Information provided START

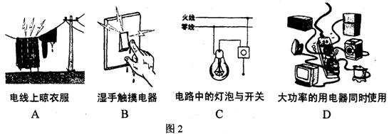 6.如图2所示的情景中,符合安全用电原则的是 ( )
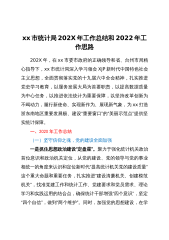 xx市统计局202X年工作总结和2022年工作思路202X年,在xx市委市政府的正确领导和省、台州市局精心指导下,xx市统计局深入学习领会XJP新时代中国特色社会主义思想,全面贯彻落实党的十九届六中全会精神,扎实推进党史学习教育,以服务发展大局为首要职责,以提高数据质量为中心任务,以推进依法统计为重要保障,以坚持改革创新为不竭动力,履行新使命、实现新作为、展现新气象,为xx打造浙东南地区重要发展极、建设“重要窗口”的“美丽示范点”提供坚实统计保障。一、202X年工作总结(一)坚守信仰之魂,党的建设全面加强一是抓住思想政治建设“定盘星”。聚力于强化统计机关政治首位意识和政治机关定位,从党的建设、...
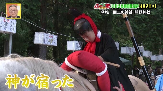 さらに、天皇の使いである「勅使」は7歳未満の男の子が務め、祭りの2日間は地面に足をつけないよう神社まで運ばれます。役目を終えた勅使が神前で居眠りすると、それを見た人々は「神が宿った」と静かに手を合わせるという伝統が今も続いています。

Information provided END

What to work on -> Your answer must be the full listing, copied exactly, with no pictures in it.

Answer to this task ->
 6.如图2所示的情景中,符合安全用电原则的是 ( )
 xx市统计局202X年工作总结和2022年工作思路202X年,在xx市委市政府的正确领导和省、台州市局精心指导下,xx市统计局深入学习领会XJP新时代中国特色社会主义思想,全面贯彻落实党的十九届六中全会精神,扎实推进党史学习教育,以服务发展大局为首要职责,以提高数据质量为中心任务,以推进依法统计为重要保障,以坚持改革创新为不竭动力,履行新使命、实现新作为、展现新气象,为xx打造浙东南地区重要发展极、建设“重要窗口”的“美丽示范点”提供坚实统计保障。一、202X年工作总结(一)坚守信仰之魂,党的建设全面加强一是抓住思想政治建设“定盘星”。聚力于强化统计机关政治首位意识和政治机关定位,从党的建设、...
 さらに、天皇の使いである「勅使」は7歳未満の男の子が務め、祭りの2日間は地面に足をつけないよう神社まで運ばれます。役目を終えた勅使が神前で居眠りすると、それを見た人々は「神が宿った」と静かに手を合わせるという伝統が今も続いています。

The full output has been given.